- Dimboola, Victoria Australia

Information
- Type: Public, co-educational, day school
- Motto: Latin: Facta Non Verba (Deeds, Not Words)
- Established: 1924
- Principal: Sally Klinge
- Colours: Blue, red and gold
- Website: www.dmsc.vic.edu.au

= Dimboola Memorial Secondary College =

Dimboola Memorial Secondary College is a public, co-educational secondary school day school located in Dimboola, Victoria, Australia. It is a small country secondary college with about 200 students and was originally erected as a memorial to those who fought in the First World War. It is located on a hill overlooking Dimboola and the Little Desert. The school's motto is "Facta Non Verba", meaning 'by deeds and not words'. The school is unique in that it is the only purpose-built memorial school in Victoria, and honours Dimboola residents who made the ultimate sacrifice during World War I.

==About the school==
The majority of the school buildings are from the 1950s, but as part of the Australian Government's Building the Education Revolution project, a new Science and Language Centre and an assembly hall extension with three classrooms/multi-function rooms were built. As part of the Department of Education's FUSE program, artist Michael Shiell worked for 20 days at the college with the Year 9 and 10 students to create ephemeral art works that deepened the students' understanding of their relationship with the environment. This resource includes 3 film clips and 2 Units of Work at Level 6.

==History==
In 1921 it was decided to build a higher elementary school. A total of £3442 was raised, £3000 was given to the Education Department and £330 was spent on the honour roll now on the library wall. £16 was spent on the flag pole, with the remainder of the money being spent on clearing the thick mallee scrub. The school, now the school and community library, was occupied in May 1924 and officially opened on 2 December. In 1945 it became a high school with the first form 5 (year 11) class. It was renamed Dimboola Memorial High School in 1947.

A sundial was constructed in 1949 as a memorial to Matron Olive Dorothy Paschke, a former student of the school, who died in 1942 during the evacuation of Singapore.

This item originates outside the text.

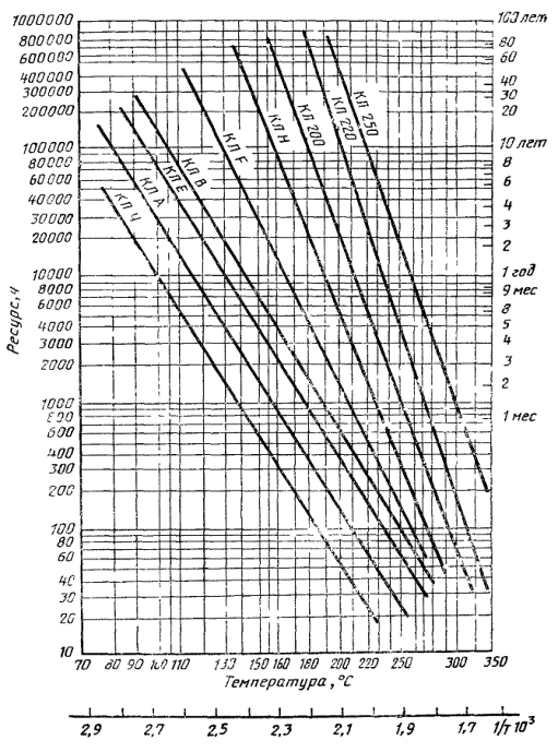 * Продолжительность равна примерно 1/10 ожидаемого ресурса при базовом ресурсе 20000 ч. ПРИЛОЖЕНИЕ 3Рекомендуемое ТИПОВЫЕ ГРАФИКИ ЗАВИСИМОСТИ ОТ ТЕМПЕРАТУРЫ СРЕДНЕГО РЕСУРСА СИСТЕМЫ ИЗОЛЯЦИИ ЭЛЕКТРИЧЕСКИХ МАШИН И АППАРАТОВ С ОБМОТКОЙ ИЗ КРУГЛЫХ ПРОВОДОВ С ЭМАЛЕВОЙ, ЭМАЛЕВО-ВОЛОКНИСТОЙ И ВОЛОКНИСТОЙ ИЗОЛЯЦИЕЙГрафики составлены в соответствии с табл. 2 приложения 2 к настоящему стандарту и представляют собой обобщение результатов испытаний материалов и систем изоляции по методикам ГОСТ 10519-76 или по другим соответствующим методикам (см. черт.) Графики могут быть использованы для ориентировочных расчетов допустимых превышений температуры обмоток в изделиях со средним ресурсом, отличающимся (в меньшую* или большую сторону) от среднего ресурса изделий общего назначения, а также для сравнения результатов определения нагревостойкости новых материалов и систем изоляции. * При этом должны быть учтены имеющиеся данные по ограничению наибольших температур в соответствии с п. 4.8. Если для конкретных систем изоляции имеются графики зависимости от температуры среднего ресурса этих систем изоляции, следует пользоваться графиками для конкретных систем изоляции. ПРИЛОЖЕНИЕ 4Обязательное ОБРАБОТКА ЭКСПЕРИМЕНТАЛЬНЫХ ДАННЫХ ДЛЯ ПОЛУЧЕНИЯ ЗАВИСИМОСТИ МЕЖДУ РЕСУРСОМ И ТЕМПЕРАТУРОЙ1. Зависимость ресурса от температуры выражают формулой (3) полученной из формулы 2. где

In 1971 the Assembly Hall was opened with a canteen and dining room added in 1981. In 1980 the present administration block opened. The name change to Dimboola Memorial Secondary College took place in 1987.

The school gates are historically important as they are a War Memorial to the memory of ex-students who served in the 1939–1945 War.

==House system==
The student body is divided into two houses which compete against each other for the annual swimming standards and carnival, athletics standards and carnival and cross-country. The names of these houses are drawn from the local history of the area. Children get put into houses with siblings.

 Hindmarsh (blue)

 Wimmera (red)

==Facilities==
DMSC's facilities include a modern science-and-language centre (home to the school's science and German LOTE classes), a hospitality centre joined to the school assembly hall, a community health-and-fitness centre (view Dimboola Health and Fitness Centre externally) and interactive technology facilities in all class rooms and spaces.